Monday, May 10, 2010

Bankrupt Britain and the EU Bailout

Readers Question: Why is Bankrupt Britain' bailing out other EU countries who have lower borrowing than the UK?

Britain isn't quite bankrupt. It has a serious debt problem with both a structural (long term) and cyclical deficit (caused by recession). Debt has increased sharply in past two years to over 60% of GDP. Some EU countries like Greece and Italy have public sector debt over 100% of GDP (and rising)

The UK is not spending any money directly, but, under this new EU debt package, it would be liable for up to £9 - £13bn should the likes of Spain and Portugal totally default on their government debt. (The hope is that the UK will not have to spend anything, and this will just be a measure to improve market confidence)

It is part of a wider EU package to restore market confidence in government debt markets, which have been badly shaken in recent weeks.

The potential liability is part of a £624 billion EU rescue package of bilateral “special purpose vehicle” loans for the 16 euro zone states struggling to finance their debts. (link Telegraph)

The EU has slowly realised how much of a problem government debt levels are. It is not just the level of government debt. But, the limited prospects for economic growth. The prospect of debt deflation, and the fragile nature of the banking system, which could be further hit by any debt default. Markets can quickly lose confidence, and there was fear without bold action there could be a run on government bonds in countries like Spain and Portugal.

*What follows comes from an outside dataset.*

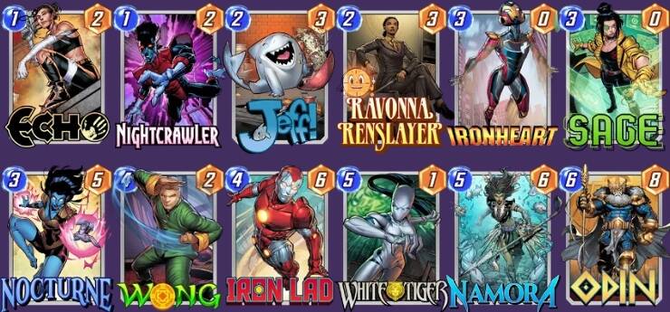 实不相瞒,笔者本周就是【纳摩拉】系统自动组牌上的天梯无限。获胜方程式清晰明了,牌序好且对手没反制牌便可果断snap,【王】来了就相当于游戏赢了一半,没来就安心点下“撤退”按钮,突出一个放松大脑式玩法,更何况还能时常骗人机8分,确实非常适合容易变得枯燥的上分之路,在此诚挚推荐。
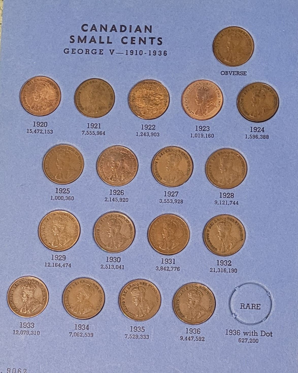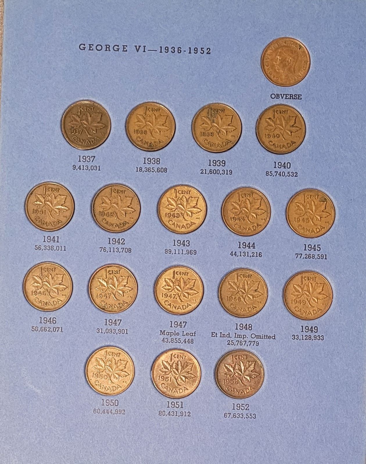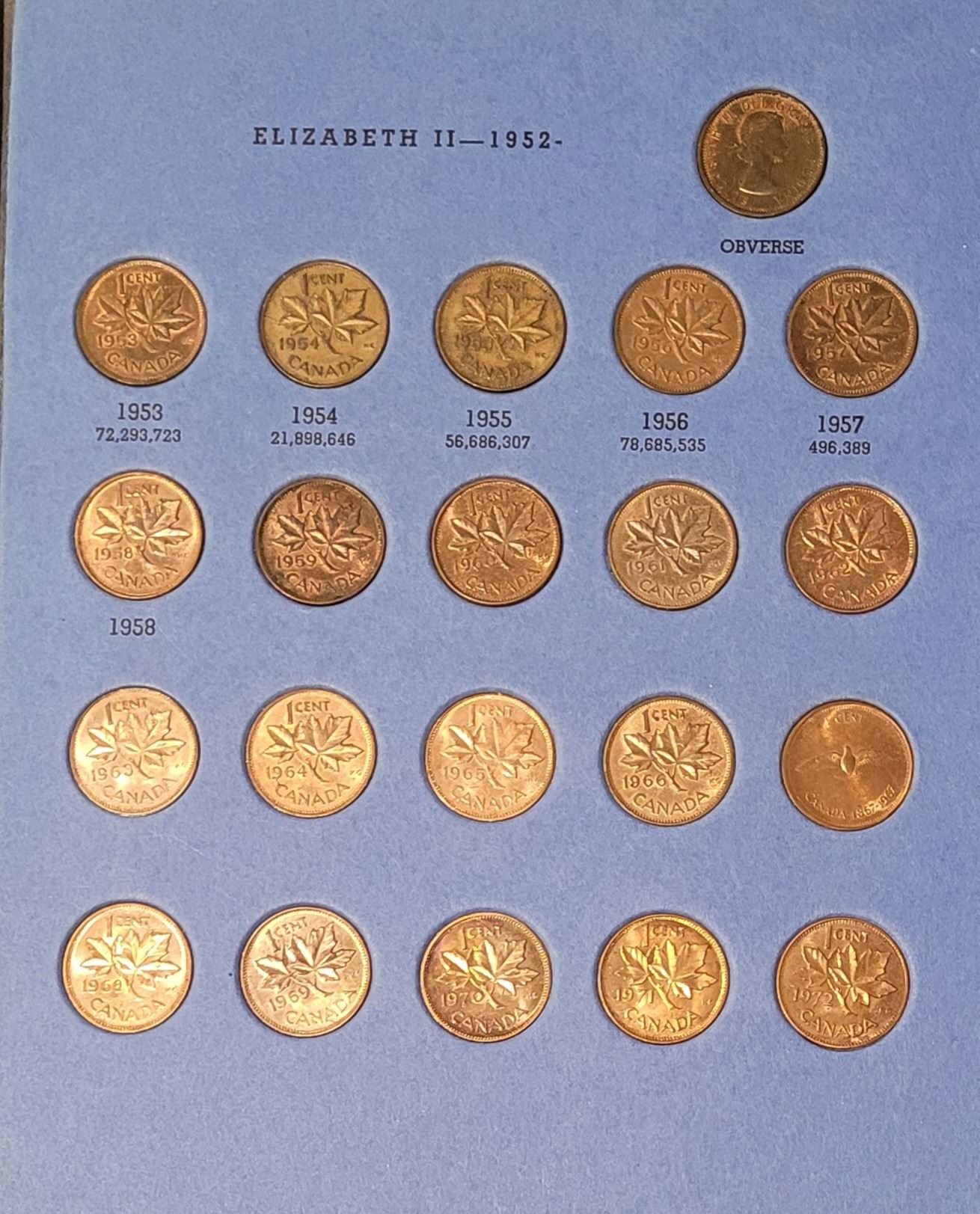 Canadian Small Cent Collection - 1920 to DATE in blue folding folder - see photos

However, there are Still Good questions
  • If Spain and Portugal are on the verge of default, how much is a guarantee from the UK worth? The last thing we can afford to do is to lose £10bn for Spanish debt default. However, the fact all 27 EU countries are involved does help spread the risk.
  • Moral Hazard of bailing out worst countries. Euro member countries were supposed to stick to debt limits of 3% of GDP, but this was ignored with no ability to enforce. Bailing out weaker states with more credit worthy nations is hardly a good incentive for better behaviour in the future.
  • Loan guarantees doesn't resolve the fundamental problem of debt and low growth. EU members still need to find a way of reducing debt burdens and at the same time promoting economic growth - growth essential to help tax revenues increase.